Graphing Cartesian Products and Unions: Set Theory Sketches

[cubicmonkey]

So the book asks me to sketch out these graphs, and of course there are no examples. I was wondering how this is done.

(a) [0,1] X [1, 2] // The X here stands for the Cartesian product.

(b) ([0,1] U {2}) X [1,2] // How can I graph this? The U stands for Union and the X here stands for the Cartesian Product.

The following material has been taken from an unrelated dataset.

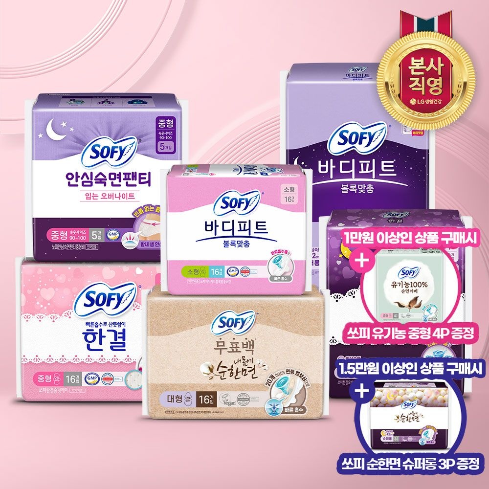 [LG생활건강] 쏘피 바디피트 귀애랑 한결 생리대 모음전 (+쏘피 사은품증정)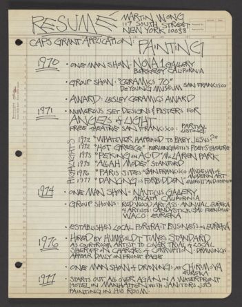 Series IV: Biographical contains material related to Wong's life and personal. The series includes Wong's curriculum vitae, artist profiles, a copy of Wong's birth certificate and high school reunion program, and his poetry and prose.

(c) ([0,1] U {2}) X ([1,2] U {3}).// Again, the U stands for Union and the X here stands for the Cartesian Product.

 

[dodo]

I imagine they mean rectangular areas in the $\mathbb{R}^2$ plane. For the (a) example, set one interval in the X-axis and the other in the Y-axis; this defines a rectagular area (the points which x is in [0,1] and which y is in [1,2]).

 

[cubicmonkey]

Thanks, DODO that was what I suspected for part a, but parts b and c still mystify me.

 

[cubicmonkey]

([0,1] U {2})

For example what would this look like?

 

[chiro]

([0,1] U {2})

For example what would this look like?

Think of your Venn diagrams. If you have two sets A and B and you have A U B then you can have anything that is both A and B. If you have A $\bigcap$ B then you have any element that is both A and B. This is the definition of these two binary operators.

Again if you get stick think of the Venn diagram graphically of what A $\bigcup$ B and A $\bigcap$ B in terms of pictures and then use that intuition to think of what the symbols mean.

Simplify anything with $\bigcup$ and $\bigcap$ and then take the cartesian product after.

 

[cubicmonkey]

So I uploaded my guess at it. What do you think? Is (b) correct? Does ([0,1] U {2}) simply become [0,1,2], which could be read as [0,2]?

 

[chiro]

So I uploaded my guess at it. What do you think? Is (b) correct? Does ([0,1] U {2}) simply become [0,1,2], which could be read as [0,2]?

You have to be careful with your notation.

Usually when we want to describe a discrete (countable) set, we usually specify every element in the set and not just the first and last element. When we are talking about a continuous set like all real numbers from 0 to 2 inclusive then we say [0,2]. It is probably a better idea to specify your set as [0,1,2] just so there is no confusion. Your answer is right of course but your [0,2] to mean {0,1,2} is misleading: (also when we talk about sets we always put them in curly braces like {0,1,2}: [0,2] is usually used for describing intervals like 0 <= x <= 2)

So for the sets {0,1} U {2} = {0,1,2} remember to use the curly braces just so no-one gets confused :)